#### What is expected
Your copy should contain exactly the lines from the one that holds "Equipment Purchasing –" through the end of the material, reproduced as written, with no pictures.

++++ Data for the task ++++

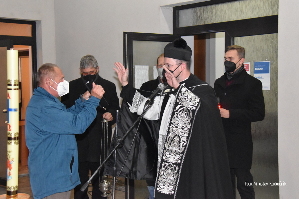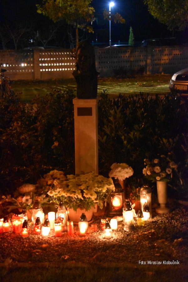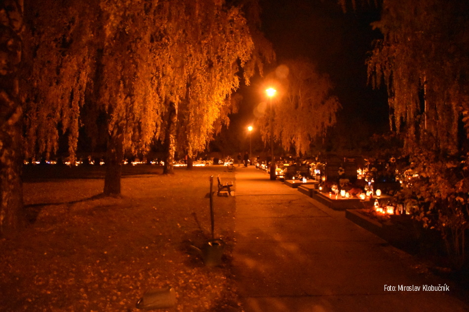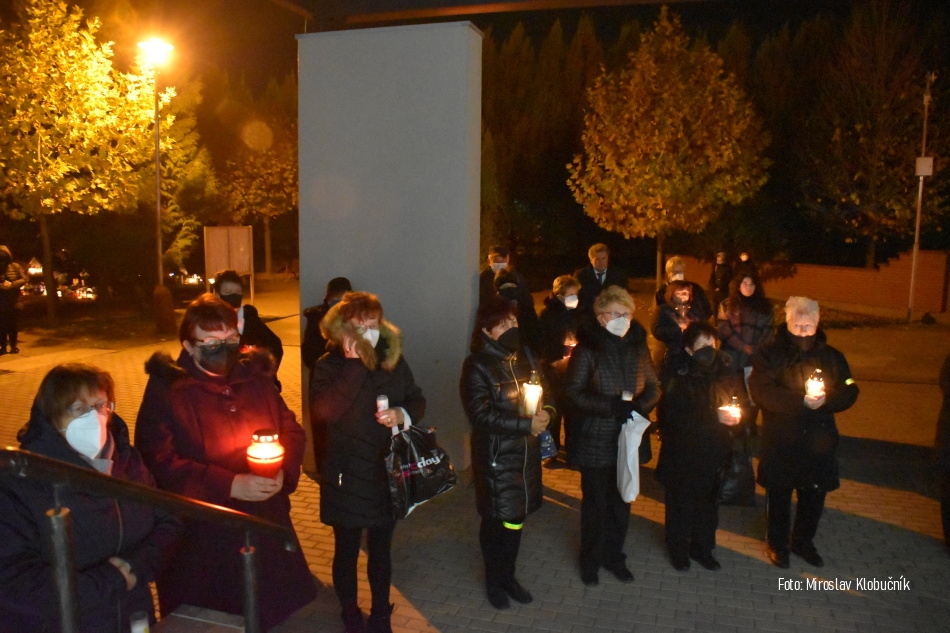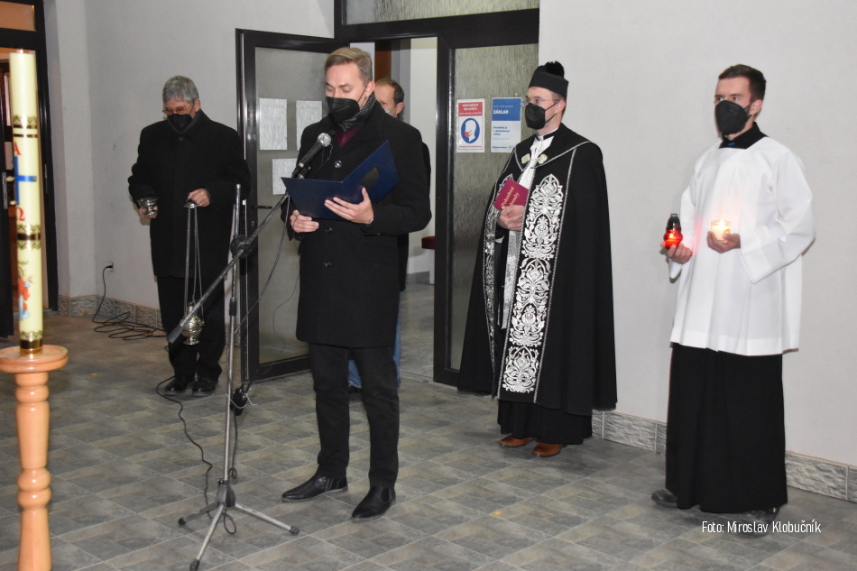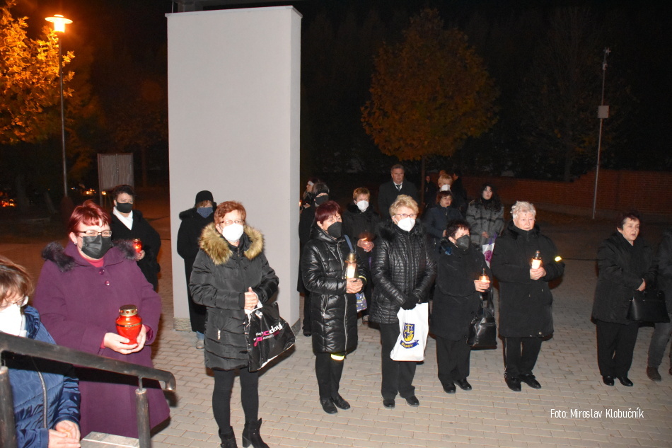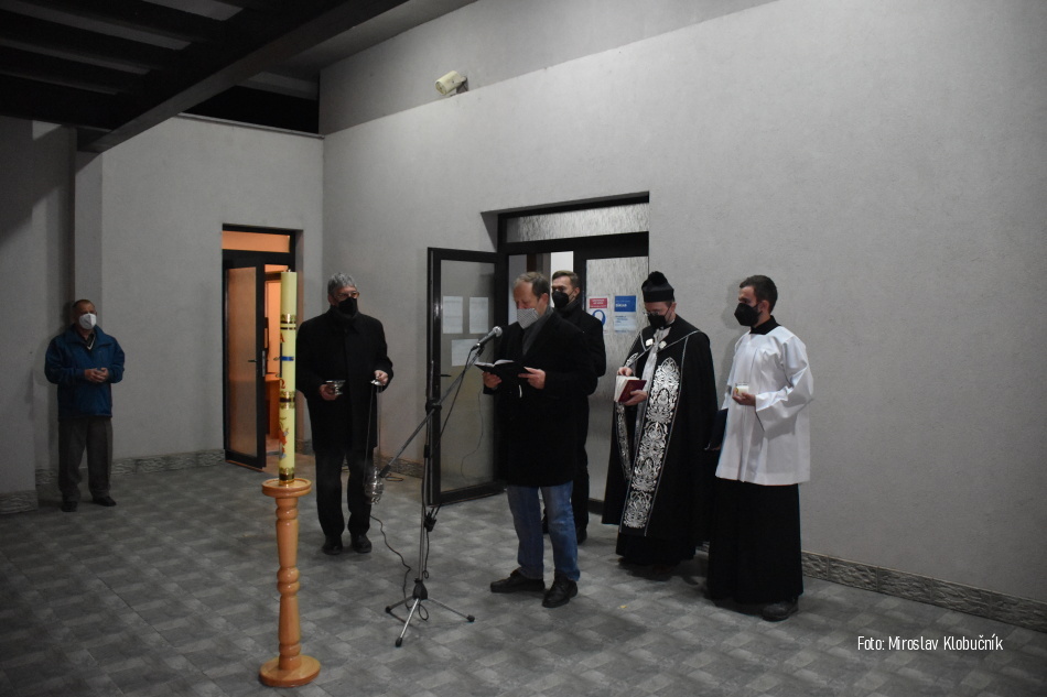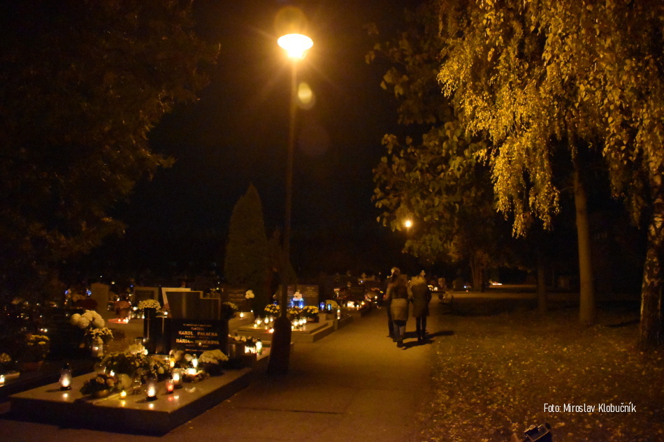 Dušičková pobožnosť so sviečkami sa uskutočnila v pondelok 1. novembra 2021 o 18:00 hod. na novom cintoríne pri Dome smútku a nádeje Bánov. Pobožnosť viedol správca farnosti PaedDr. ThLic. Peter Čieško a svoj príhovor predniesol tiež pán starosta PhDr. Miloš Rybár. Foto: M. Klobučník
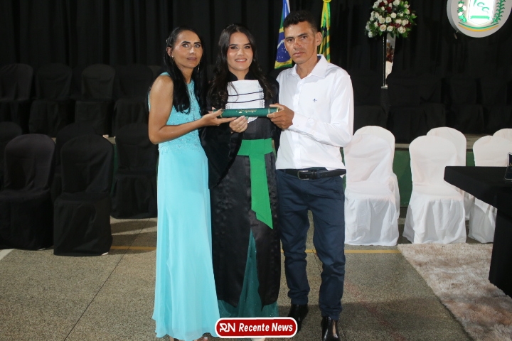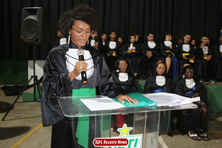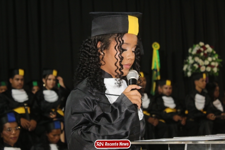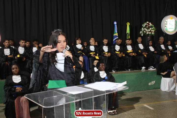 A programação seguiu com a execução do Hino Nacional Brasileiro, mensagens institucionais e discursos que reforçaram o sentimento de gratidão. Em nome dos formandos, a oradora da turma expressou emoções, memórias e agradecimentos, destacando a importância do apoio familiar, do trabalho dos professores e da estrutura oferecida pela escola.
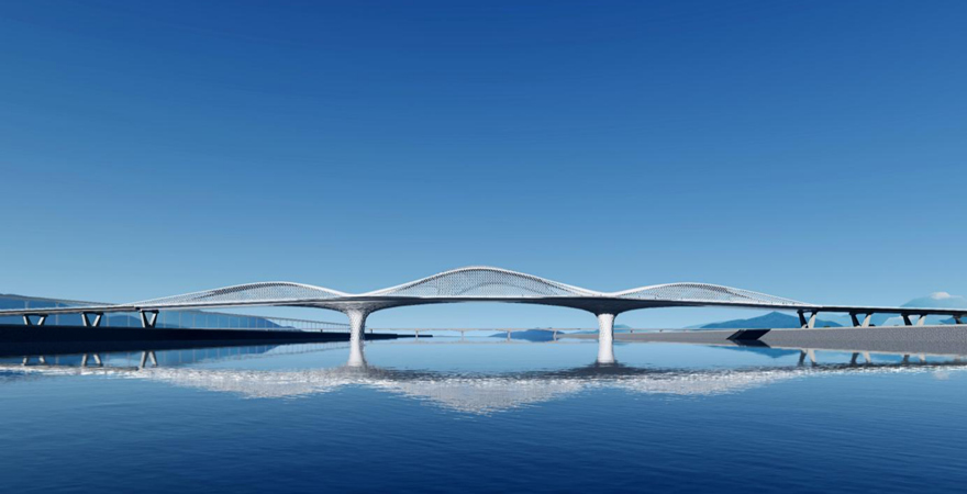 方案采用主跨186m中承式無風(fēng)撐剛箱拱橋,提取高山自然弧線,經(jīng)簡化演變成體量形態(tài)各不相同的雙連拱。線條簡潔,體態(tài)靈動(dòng),高山、河流、生態(tài)綠地巧妙融合,構(gòu)成一幅靜逸的場景。
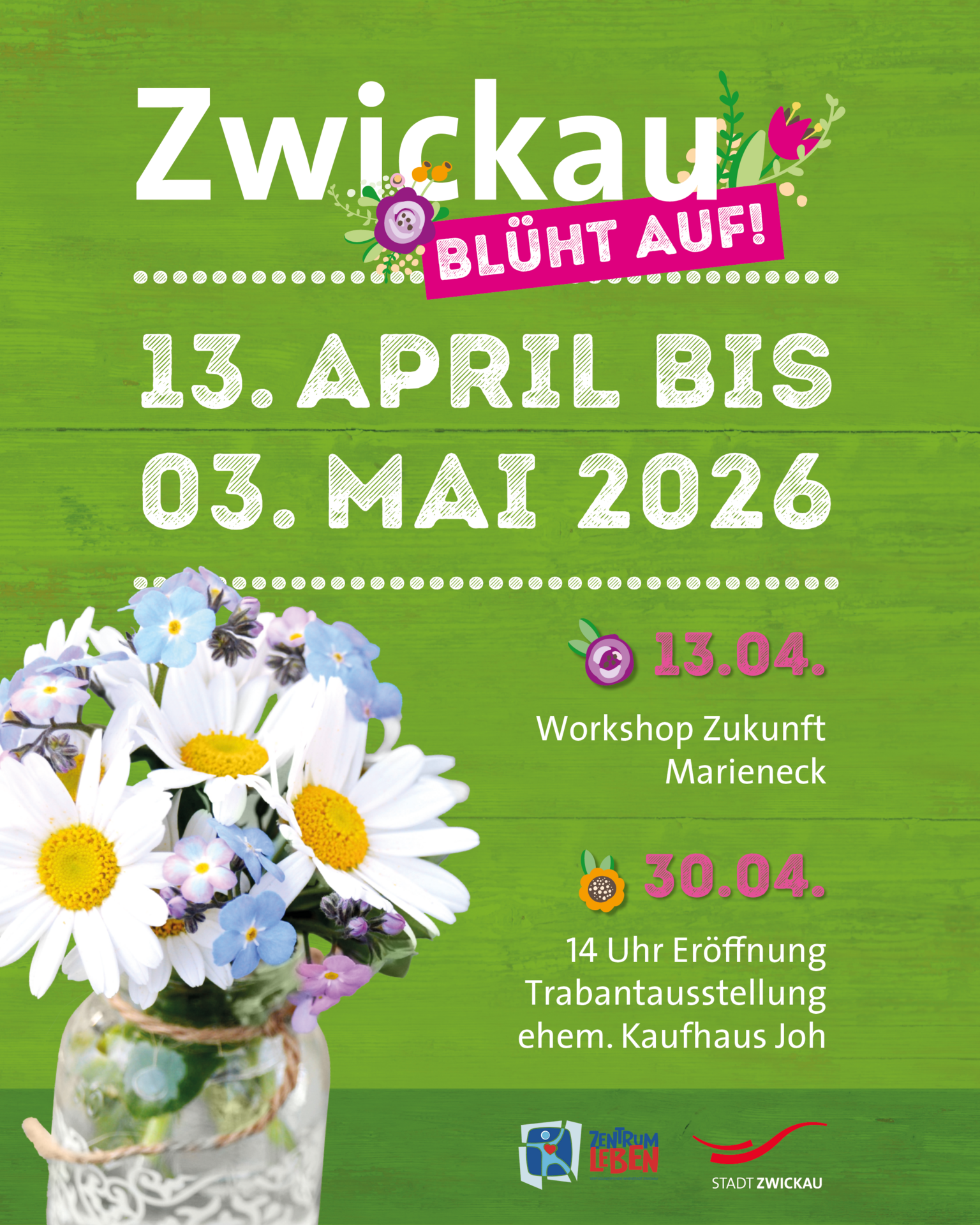 Mit kreativen und originellen Blumenbeeten und Bepflanzungen lädt die Innenstadt ab 13.4.2026 wieder zum Stadtbummel in besonders frühlingshafter Kulisse ein. Unternehmen aus der gesamten Stadt und insbesondere in der Innenstadt ansässige Geschäfte, Gastronomen und weitere Akteure sind herzlich aufgerufen, sich mit einem „Blumen- oder Beetsponsoring“ an der Aktion zu beteiligen und zur Verschönerung und Belebung Zwickaus beizutragen.
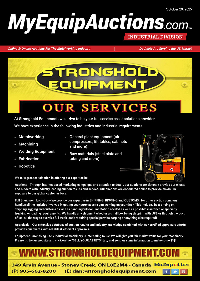 Equipment Purchasing – Any industrial machinery is interesting to us! We will give you fair market value for your machinery. Please go to our website and click on the“ SELL YOUR ASSETS” tab, and send us some information to make some $$$! www. strongholdequipment. com dan @ strongholdequipment. com
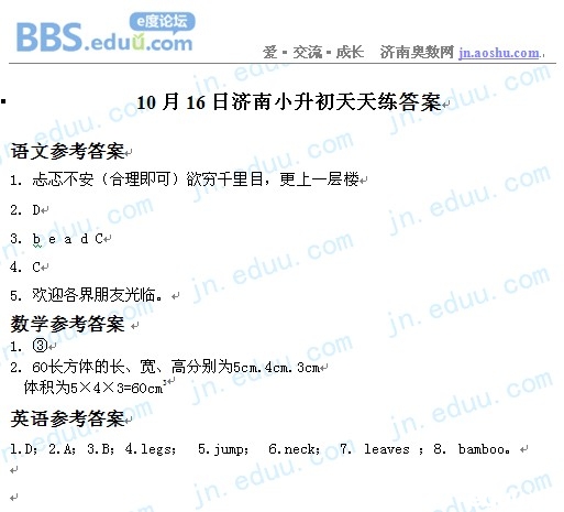 2012.10.16济南小升初天天练模拟题答案
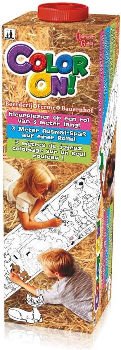3 Meter kleurplezier op een rol! De Mini Color On - Boerderij is een unieke kleurervaring. Kinderen rollen de kleurplaat uit, zo ver als ze willen, en kleuren alleen of samen met vrienden! Als ze klaar zijn met kleuren, rollen ze de kleurplaat op en nemen de Color On mee.
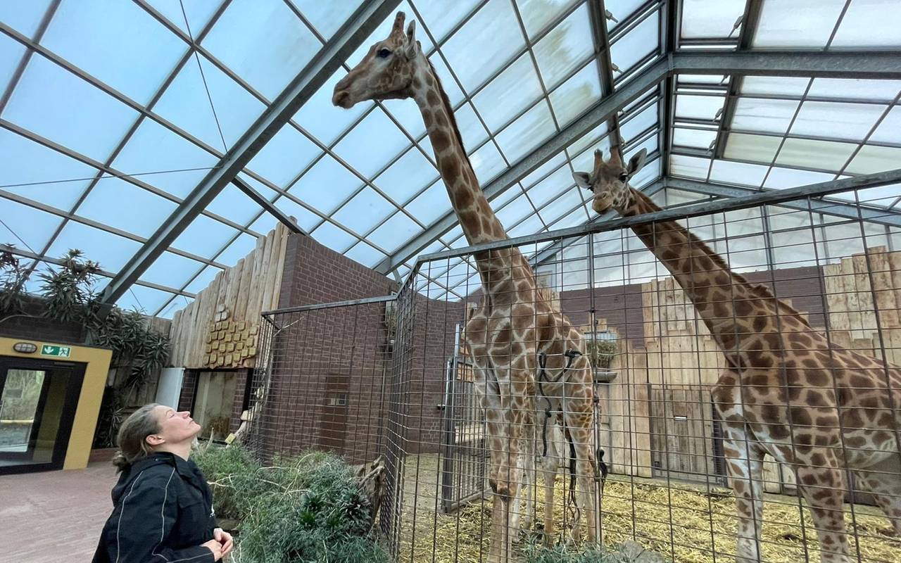 Lennart Beissner und Wiebke Dreesmann kontrollieren das Giraffen-Gehege und schauen, wie es den drei Giraffen im Dortmunder Zoo geht.

++++

#### Response for this exercise
 Equipment Purchasing – Any industrial machinery is interesting to us! We will give you fair market value for your machinery. Please go to our website and click on the“ SELL YOUR ASSETS” tab, and send us some information to make some $$$! www. strongholdequipment. com dan @ strongholdequipment. com
 2012.10.16济南小升初天天练模拟题答案
3 Meter kleurplezier op een rol! De Mini Color On - Boerderij is een unieke kleurervaring. Kinderen rollen de kleurplaat uit, zo ver als ze willen, en kleuren alleen of samen met vrienden! Als ze klaar zijn met kleuren, rollen ze de kleurplaat op en nemen de Color On mee.
 Lennart Beissner und Wiebke Dreesmann kontrollieren das Giraffen-Gehege und schauen, wie es den drei Giraffen im Dortmunder Zoo geht.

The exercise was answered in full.